其實這個kernel就這兩步。巧妙之處:先将圖像擴充邊界;利用SDKBitMap庫即決定了後續要利用uchar4 float4節約空間并且快讀讀到像素值;利用LDS緩沖加速;每個item負責一個像素點的卷積;很機智的使用了#pragma unroll 16!
要我設計的話,可能不會這樣面面俱到!我要學習這些方法(提高性能前路漫長)
用CodeXL看了device上的時間:0.9670

二、advancedSeparableConvolution 這個kernel:
main.cpp上其實沒什麼差别,和上面幾乎差不多,就不廢話了。重要的是kernel上蘊含的思想!
#define FILTERSIZE 3
__kernel void advancedSeparableConvolution(
__global uchar4 *input,
__global float *row_filter,
__global float *col_filter,
__global uchar4 *output,
uint nWidth,
uint nHeight,
uint nExWidth)
{
__local float4 local_output[16 * (16 + FILTERSIZE - 1)];
int col = get_global_id(0);
int row = get_global_id(1);
if (col >= nWidth || row >= nHeight) return;
int lid_x = get_local_id(0);
int lid_y = get_local_id(1);
int start_col, start_row;
int cnt = 0;
/***************************************************************************************
* If using LDS, get the data to local memory. Else, get the global memory indices ready
***************************************************************************************/
//#if USE_LDS == 1
#if 1
__local uchar4 local_input[(16 + FILTERSIZE - 1) * (16 + FILTERSIZE - 1)];
int tile_xres = (16 + FILTERSIZE - 1);
int tile_yres = (16 + FILTERSIZE - 1);
start_col = get_group_id(0) * 16; //Image is padded
start_row = get_group_id(1) * 16;
int lid = lid_y * 16 + lid_x;
int gx, gy;
/*********************************************************************
* Read input from global buffer and put in local buffer
* Read 256 global memory locations at a time (256 WI).

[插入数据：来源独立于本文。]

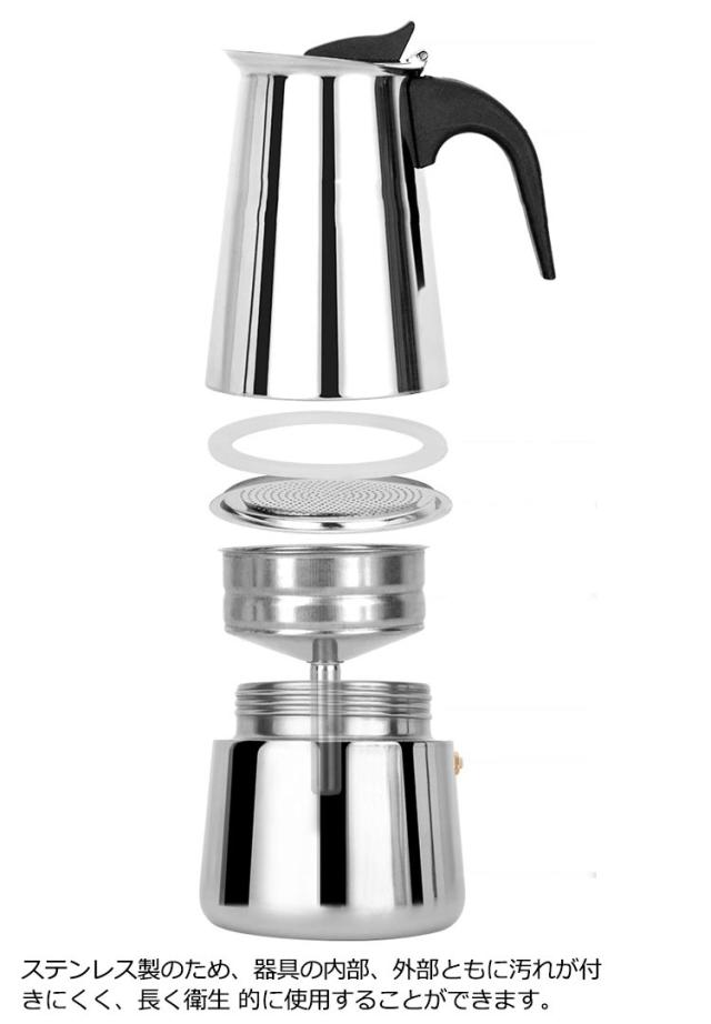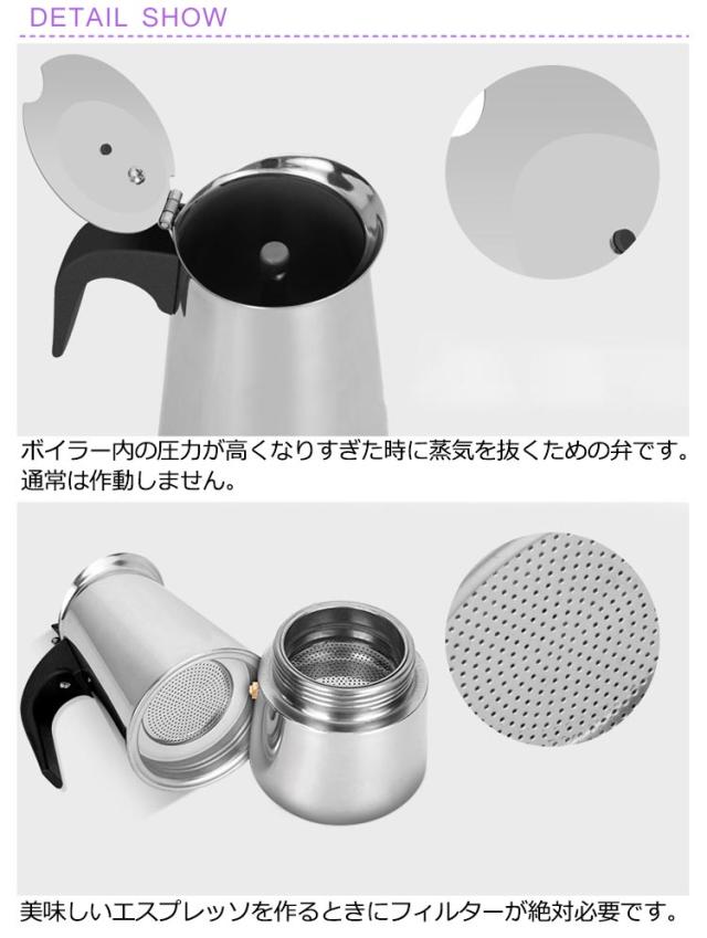 直火式エスプレッソメーカー コーヒーメーカー 直火式 エスプレッソメーカー 2/4/6カップ 家庭用 コーヒーパーコレーター コーヒー 珈琲 コーヒーマシン ガス 電気ストーブ用 コーヒーポット ステンレス アイスコーヒー キッチン用品 コーヒーマシーン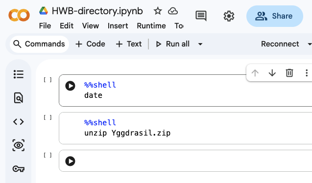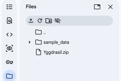Yggdrasil.zip を colab にアップロードしてください.まず手元にダウンロードして,それからアップロードすると良いでしょう.(ユグドラシルと読んでください)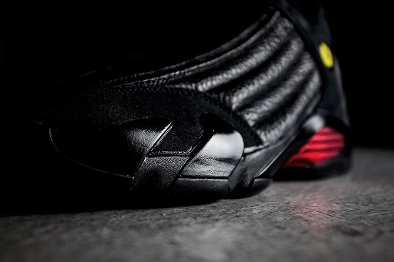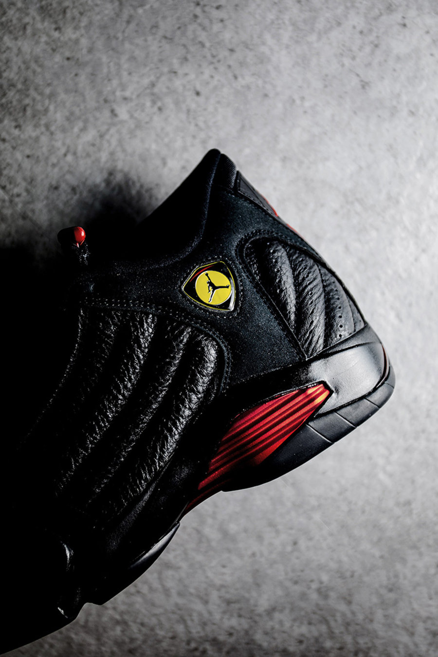 这双被称为 “最后一投” 的 Air Jordan 14 还原了 OG 元年的配置,经典的黑红配色彰显出低调又百搭的特性!整体以法拉利跑车造型作为灵感,流线感十足并将 Jumpman Logo 打造成法拉利标志样式!
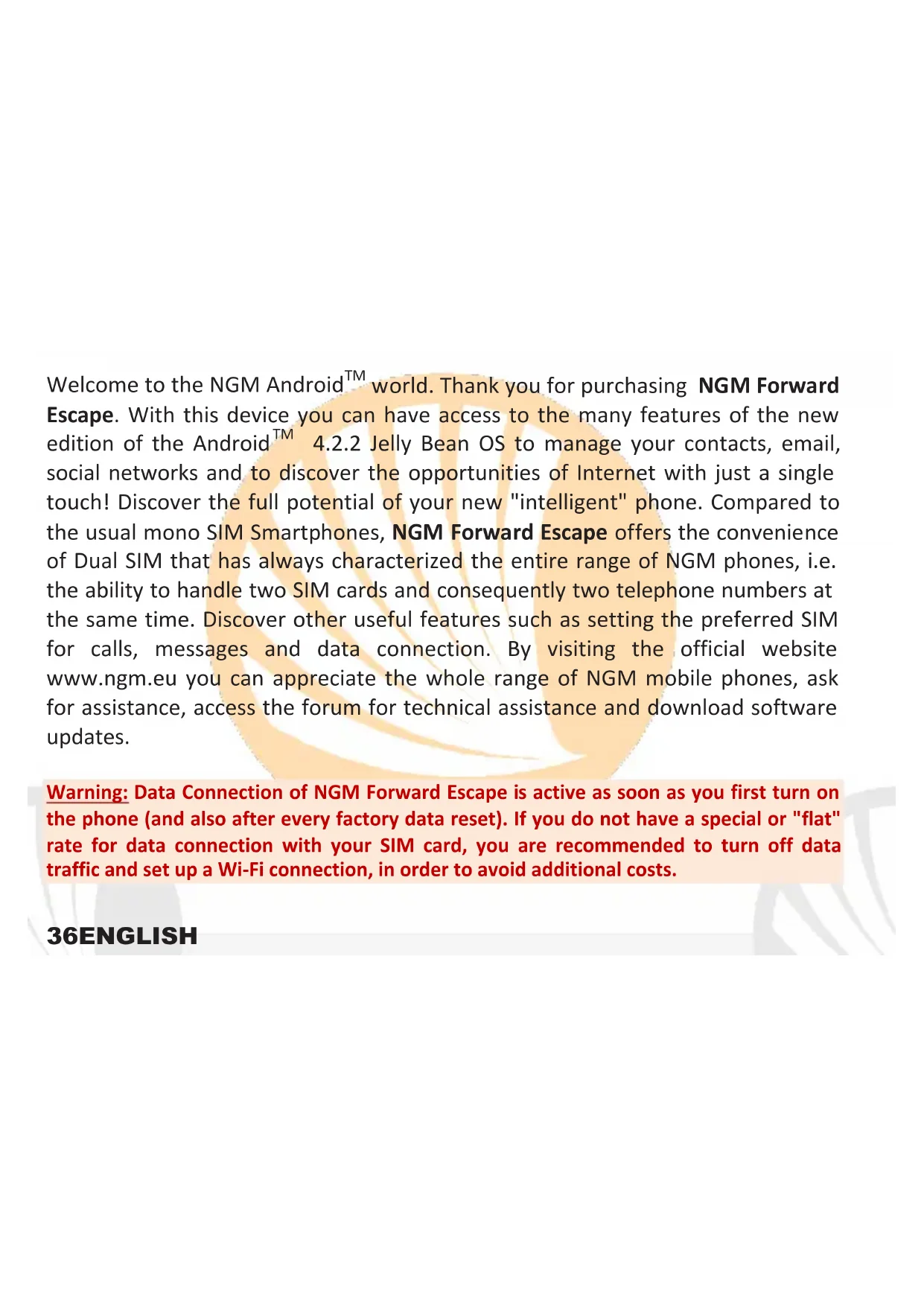 Note: you can set ringtones in *mid,*wav, *ogg or *mp3 formats.47ENGLISH Sending and reading SMS and MMS Reading SMS and MMS: when you receive a new SMS or MMS, an icon appears in the notification panel. By clicking on the appeared icon, you can access directly to the conversation and read the incoming message. In any case, you can view the incoming messages from the home screen or menu, by selecting Messaging. Send SMS and MMS From the Home page or from the main menu, choose Messaging and then the icon the bottom. Type the first letters of a name in the recipient field to search for a contact, select it from the pop-up or directly enter the recipient number, otherwise select the icon and select the recipient(s). Write the text into the dedicated space with the virtual keypad. Select the "+" icon to insert eventual multimedia files (the message will automatically be converted into MMS) and press the key, selecting the SIM you want to use. CONNECTIVITY: to better use the potentiality provided by the device and its operating system, you must have an active data connection; data connection of NGM Forward Escape is ON when you first power on the phone. If it is not included into your mobile phone plan, data traffic may cause you extra costs, so it is recommended to configure Internet connection via WiFi. To enable data traffic on one of the SIM cards, select Settings > Dual SIM Manager > Data connection, or activate it from the Quick Setup buttons in the notifications panel.48 ENGLISH Connecting to Internet with WiFi® You can connect to WLAN by using the Wi-Fi function. To activate it, choose Settings > WiFi. Please follow all warnings and indications concerning the use of wireless devices in areas where the use of such functions is restricted (airplanes, hospitals, etc.). Go offline mode when you have to use only the functions that do not require Network access.

* Conitnue in a loop till all pixels in the tile are read.
**********************************************************************/
do {
gy = lid / tile_xres;
gx = lid - gy * tile_xres;
local_input[lid] = input[(start_row + gy) * nExWidth + (start_col + gx)];
lid += (16 * 16);
} while (lid < (tile_xres * tile_yres));
barrier(CLK_LOCAL_MEM_FENCE);
start_col = lid_x;
#else
/************************************************************************
* Non - LDS implementation
* Read pixels directly from global memory
************************************************************************/
start_col = col;
#endif
/***********************************************************************************
* Row-wise convolution - Inputs will be read from local or global memory
************************************************************************************/
float4 sum = (float4)0.0f;
cnt = 0;
#pragma unroll FILTERSIZE
for (int i = start_col; i < start_col + FILTERSIZE; i++)
{
//#if USE_LDS == 1
#if 1
sum = mad(convert_float4(local_input[lid_y * tile_xres + i]), (float4)row_filter[cnt++], sum);
#else
sum = mad(convert_float4(input[row * nExWidth + i]), (float4)row_filter[cnt++], sum);
#endif
}
/***********************************************************************************
* Output is stored in local memory
************************************************************************************/
local_output[lid_y * 16 + lid_x] = sum;
/***************************************************************************************
* Row-wise convolution of pixels in the remaining rows
***************************************************************************************/
if (lid_y < FILTERSIZE - 1)
{
cnt = 0;
sum = (float4)0.0f;
#pragma unroll FILTERSIZE
for (int i = start_col; i < start_col + FILTERSIZE; i++)
{
//#if USE_LDS == 1
#if 1
sum = mad(convert_float4(local_input[(lid_y + 16) * tile_xres + i]), (float4)row_filter[cnt++], sum);
#else
sum = mad(convert_float4(input[(row + 16) * nExWidth + i]), (float4)row_filter[cnt++], sum);
#endif
}
/***********************************************************************************
* Again the output is stored in local memory
************************************************************************************/
local_output[(lid_y + 16) * 16 + lid_x] = sum;
}
/***********************************************************************************
* Wait for all the local WIs to finish row-wise convolution.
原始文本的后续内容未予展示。